[Records shown]

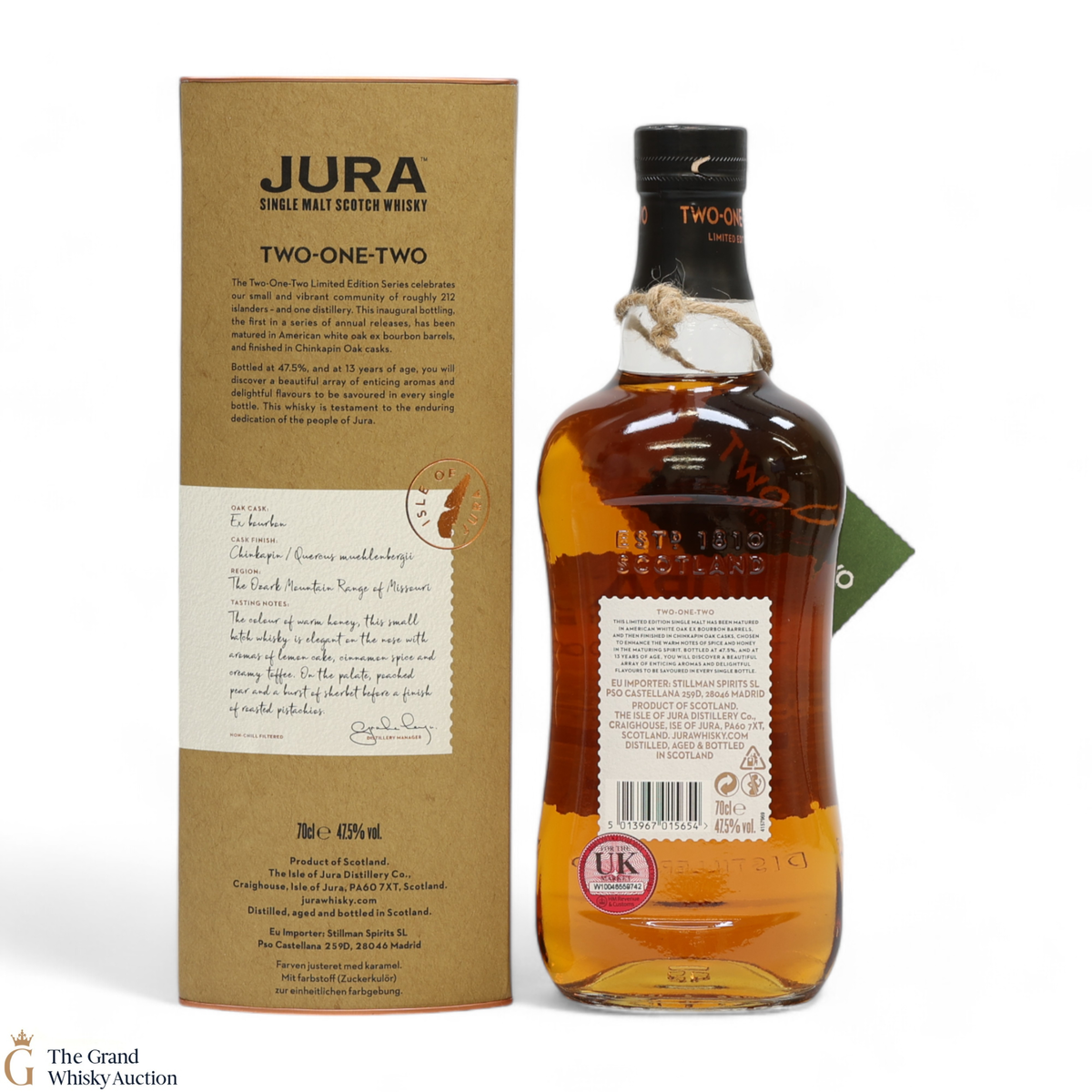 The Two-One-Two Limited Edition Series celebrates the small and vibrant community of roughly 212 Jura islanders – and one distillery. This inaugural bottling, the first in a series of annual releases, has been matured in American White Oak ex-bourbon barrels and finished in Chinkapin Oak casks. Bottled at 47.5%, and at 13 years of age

[/Records shown]
[Records shown]

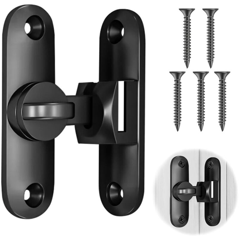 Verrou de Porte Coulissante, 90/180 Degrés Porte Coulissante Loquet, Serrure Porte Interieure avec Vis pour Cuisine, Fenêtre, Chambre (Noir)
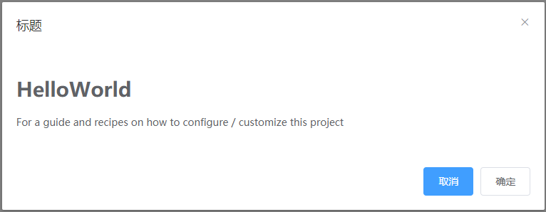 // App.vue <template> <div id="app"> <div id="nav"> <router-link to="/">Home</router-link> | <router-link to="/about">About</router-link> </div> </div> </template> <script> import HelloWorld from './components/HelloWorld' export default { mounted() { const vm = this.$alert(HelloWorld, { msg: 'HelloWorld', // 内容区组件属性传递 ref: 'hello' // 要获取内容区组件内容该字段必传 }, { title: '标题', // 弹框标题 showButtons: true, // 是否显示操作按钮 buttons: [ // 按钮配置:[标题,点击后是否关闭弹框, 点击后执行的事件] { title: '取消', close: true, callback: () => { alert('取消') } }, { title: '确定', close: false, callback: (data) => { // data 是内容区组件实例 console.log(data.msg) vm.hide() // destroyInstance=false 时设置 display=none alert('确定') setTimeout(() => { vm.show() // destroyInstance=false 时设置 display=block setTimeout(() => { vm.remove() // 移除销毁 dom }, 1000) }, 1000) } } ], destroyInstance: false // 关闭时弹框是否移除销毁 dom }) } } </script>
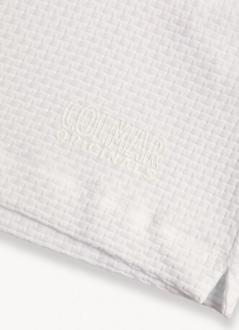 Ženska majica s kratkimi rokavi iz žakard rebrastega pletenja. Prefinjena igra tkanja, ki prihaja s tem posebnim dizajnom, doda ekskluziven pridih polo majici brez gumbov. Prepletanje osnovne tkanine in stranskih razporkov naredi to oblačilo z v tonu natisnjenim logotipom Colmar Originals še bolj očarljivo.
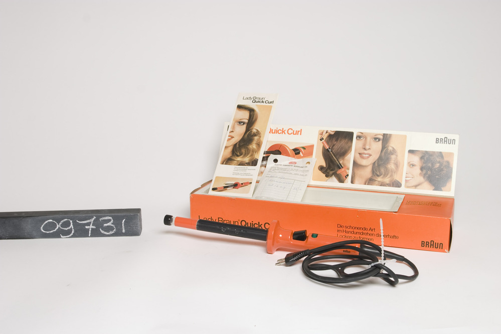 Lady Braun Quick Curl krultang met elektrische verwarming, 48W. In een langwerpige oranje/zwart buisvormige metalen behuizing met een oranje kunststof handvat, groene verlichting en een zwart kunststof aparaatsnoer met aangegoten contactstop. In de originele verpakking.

[/Records shown]

* **Goal of the exercise**
The stretch to restate runs from the line above containing "Verrou de Porte" through the line containing "App.vue <template> <div". Copy it word for word, ends included, without pictures.

* **Solution to this problem**
 Verrou de Porte Coulissante, 90/180 Degrés Porte Coulissante Loquet, Serrure Porte Interieure avec Vis pour Cuisine, Fenêtre, Chambre (Noir)
 // App.vue <template> <div id="app"> <div id="nav"> <router-link to="/">Home</router-link> | <router-link to="/about">About</router-link> </div> </div> </template> <script> import HelloWorld from './components/HelloWorld' export default { mounted() { const vm = this.$alert(HelloWorld, { msg: 'HelloWorld', // 内容区组件属性传递 ref: 'hello' // 要获取内容区组件内容该字段必传 }, { title: '标题', // 弹框标题 showButtons: true, // 是否显示操作按钮 buttons: [ // 按钮配置:[标题,点击后是否关闭弹框, 点击后执行的事件] { title: '取消', close: true, callback: () => { alert('取消') } }, { title: '确定', close: false, callback: (data) => { // data 是内容区组件实例 console.log(data.msg) vm.hide() // destroyInstance=false 时设置 display=none alert('确定') setTimeout(() => { vm.show() // destroyInstance=false 时设置 display=block setTimeout(() => { vm.remove() // 移除销毁 dom }, 1000) }, 1000) } } ], destroyInstance: false // 关闭时弹框是否移除销毁 dom }) } } </script>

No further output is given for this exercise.